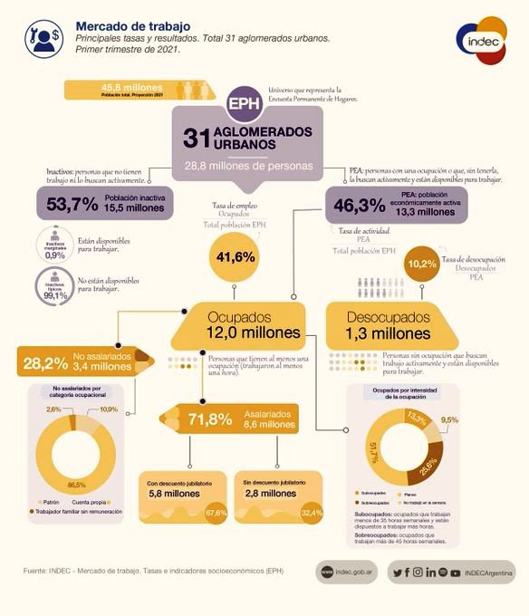 Según datos del INDEC, el índice de desempleo en el país fue de 10,2 % en el primer trimestre del año. La tasa de desocupación fue superior en mujeres (12,3%) que en varones (8,5%) y afectó más a las y los jóvenes (24,9% y 17%, respectivamente).
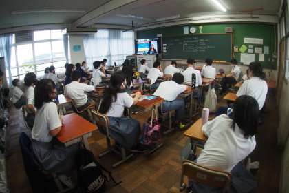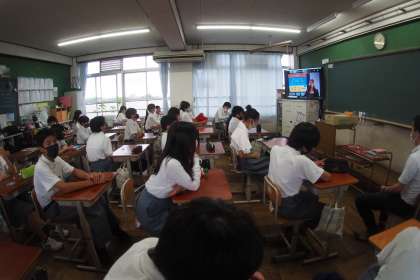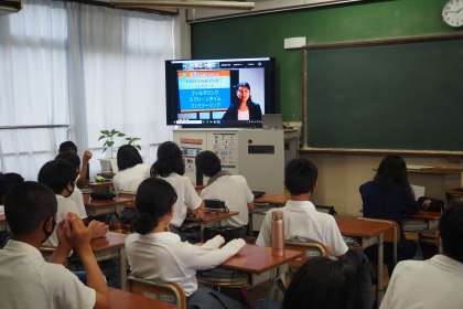 7月14日(水)5限に,「1年ケータイ教室」を実施しました。例年は,KDDIより講師をお招きし,学年生徒全員が会議室に集合してケータイ教室を実施するのですが,今年は,新型コロナウイルス感染防止のため,各学級でKDDI講師の方のリモートによる学習に取り組みました。
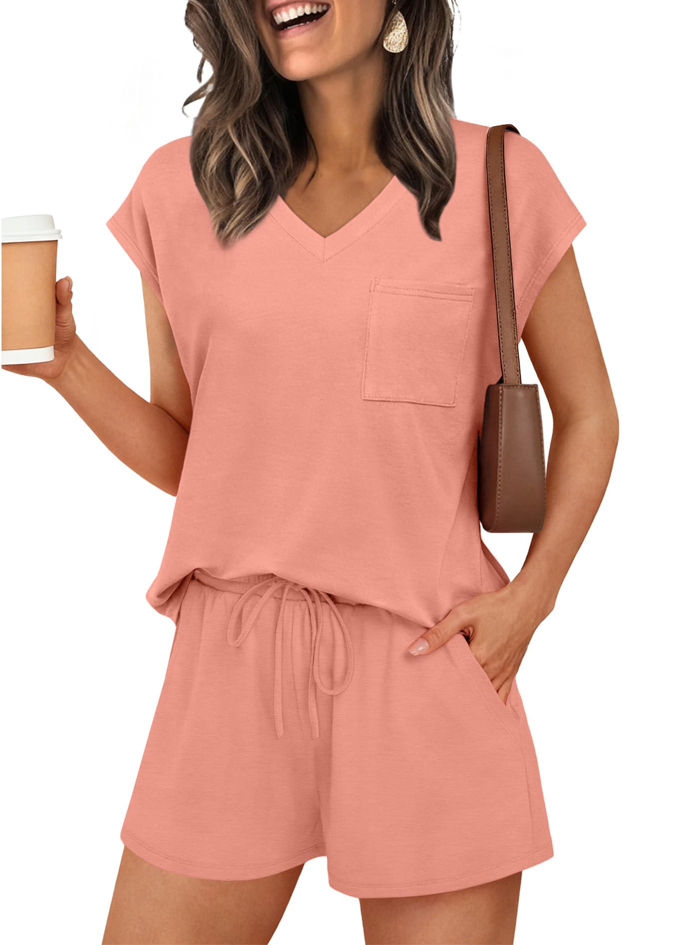 Design: Side-pocket shorts with relaxed fit & adjustable drawstring offer comfort and convenience; the trendy V-neck cap-sleeve top also works as a chic summer piece
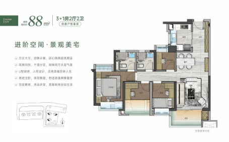 超高使用率户型:73㎡即可做四房,性价比极高。
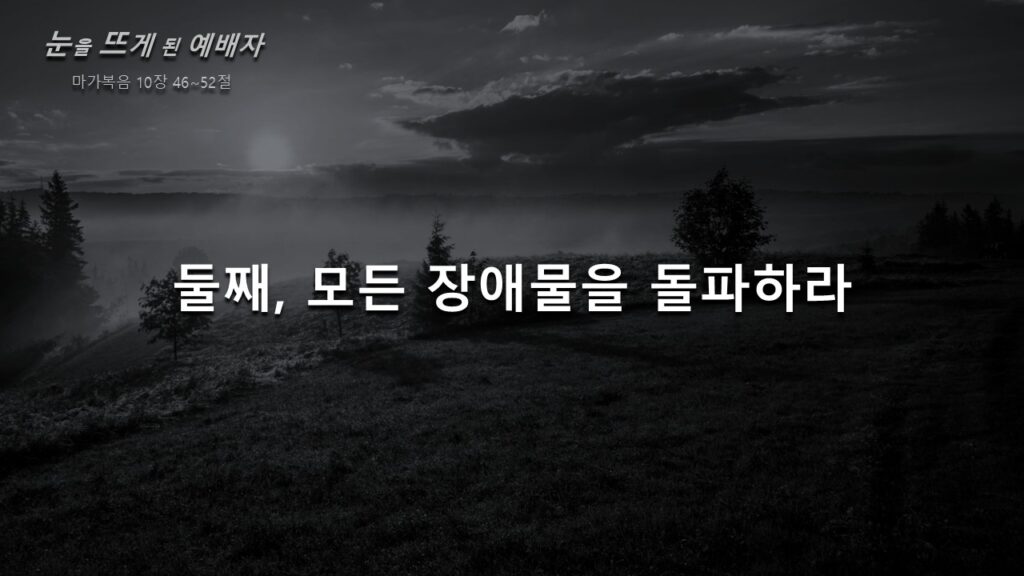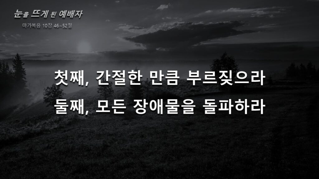 여러분이 어떤 꿈과 비전을 향해 나아갈 때, 먼저는 간절한 만큼 간절히 부르짖으며 기도로 준비하셔야 합니다. 우리가 기도할 때 하나님께서 일하십니다. 그리고 또 한 가지는 반드시 장애물들이 나타날 것입니다. 그러니 장애물들이 나타났다고 해서 낙심할 필요가 없습니다. 높은 산을 오르려면 극복해야 할 오르막이란 게 있는 것처럼, 여러분의 꿈을 이루는 데에는 반드시 장애물들이 있을 것이고, 기도하면서 하나님의 도움을 구하며 내적 외적 모든 장애물들을 돌파해 나가십시오. 바디매오가 눈을 뜨듯 내 인생의 새로운 역사가 써지기 시작할 것입니다.
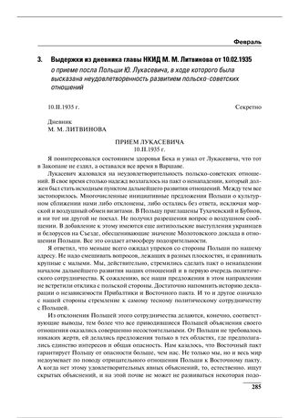Выдержки из дневника главы НКИД М.М. Литвинова от 10.02.1935 о приеме посла Польши Ю. Лукасевича, в ходе которого была высказана неудовлетворенность развитием польско-советских отношений // АВП. Ф. 09. Оп. 21. П. 84. Д. 114. Л. 1–7. ДВП СССР. Т. XVIII. М., 1973. С. 78–83. Документы и материалы по истории советско-польских отношений. Т. VI. М., 1969. С. 252–255.
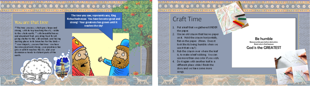We’ll start outside laying down on a blanket, looking up at a big tree, like that one in Nebuchadnezzar’s dream, and talk about that dream. We’ll look and listen for birds and animals, ‘pick’ some fruit hung on the tree, collect leaves for the craft, and pretend to be animals in a game of charades. Inside, we’ll continue the story, color a picture, look up some Bible texts, sing, and do the craft. Along the way, we’ll learn that pride goes before a fall and that God is the Greatest of all!
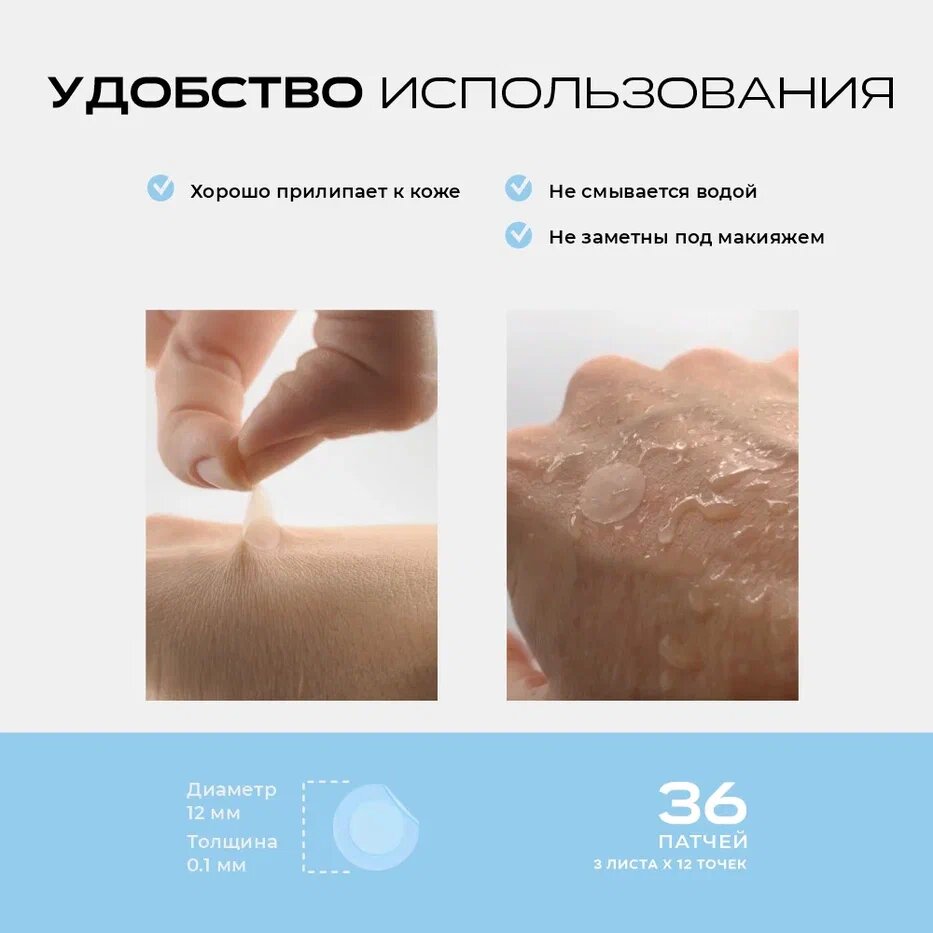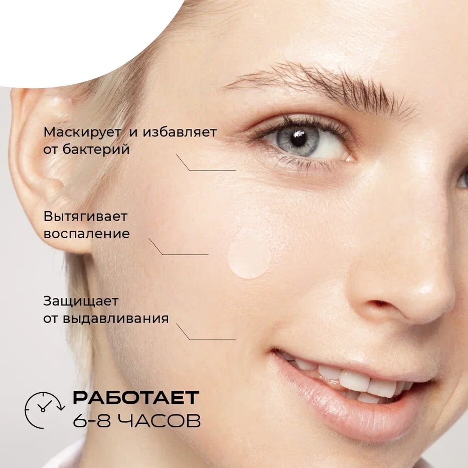 | Способ применения | 1. Перед нанесением патча тщательно очистите пораженный участок и прилегающую кожу от макияжа и загрязнений средством, не содержащим масла в составе. Просушите кожу от влаги. 2. Наклейте патч липкой стороной вниз на пораженный участок. 3. Оставьте патч на 6-8 часов. 4. Отклейте патч, как только тот побелеет или по прошествии времени. 5. Только для наружного применения. 6. Избегать попадания в глаза и в руки детям. 7. Не использовать повторно. 8. Хранить в прохладном и сухом месте. |
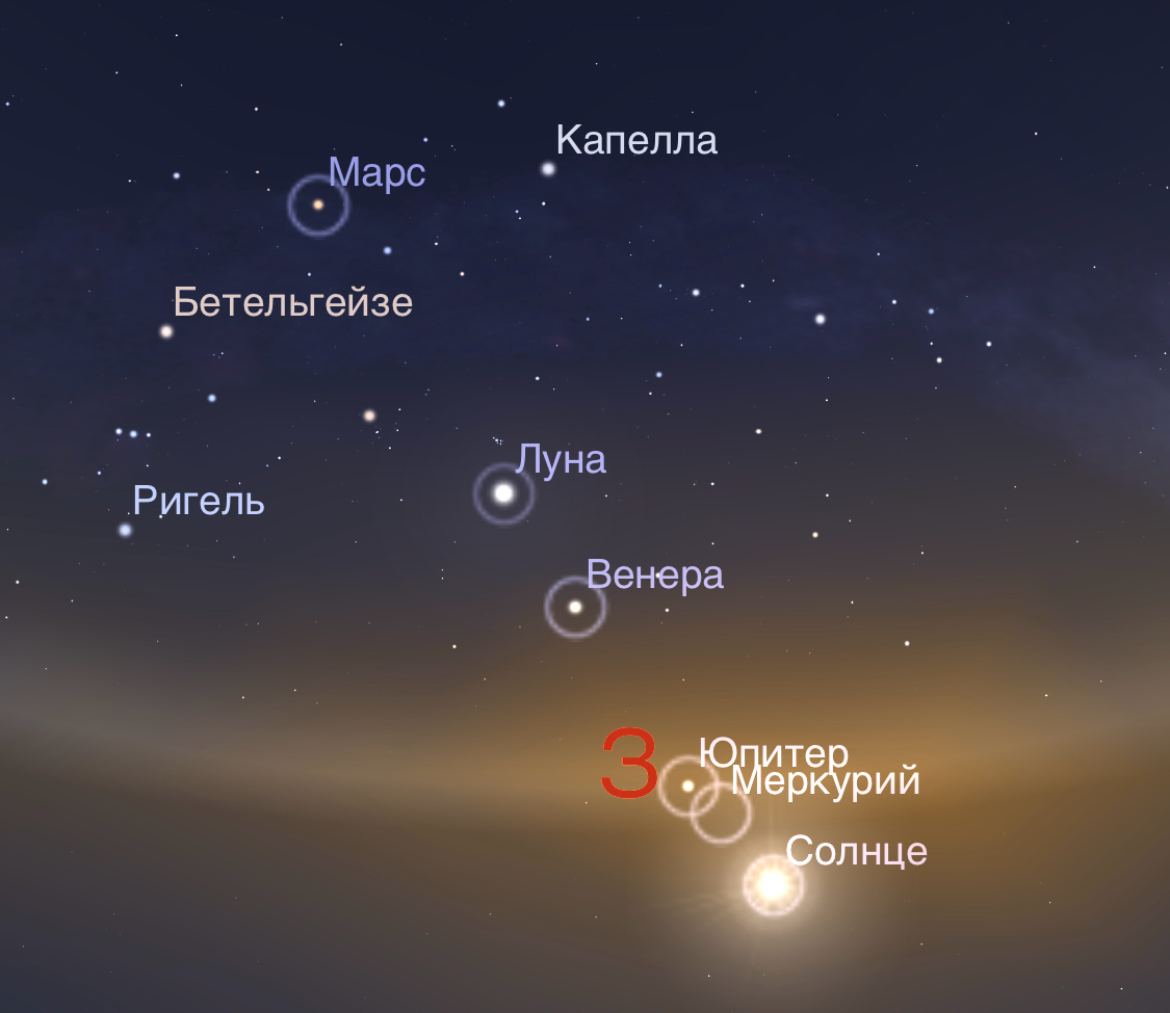 Венчает парад Луна, а выше — бледно-оранжевый Марс. Да-да, именно по этой бледной точке катаются сейчас марсоходы, летает вертолет и гуляют песчаные бури.

Exercise details:
Everything from the first line of the entries through the line that contains "超高使用率户型:73㎡即可做四房,性价比极高。" is to be reproduced exactly, except the pictures.

Written answer:
 Según datos del INDEC, el índice de desempleo en el país fue de 10,2 % en el primer trimestre del año. La tasa de desocupación fue superior en mujeres (12,3%) que en varones (8,5%) y afectó más a las y los jóvenes (24,9% y 17%, respectivamente).
 7月14日(水)5限に,「1年ケータイ教室」を実施しました。例年は,KDDIより講師をお招きし,学年生徒全員が会議室に集合してケータイ教室を実施するのですが,今年は,新型コロナウイルス感染防止のため,各学級でKDDI講師の方のリモートによる学習に取り組みました。
 Design: Side-pocket shorts with relaxed fit & adjustable drawstring offer comfort and convenience; the trendy V-neck cap-sleeve top also works as a chic summer piece
 超高使用率户型:73㎡即可做四房,性价比极高。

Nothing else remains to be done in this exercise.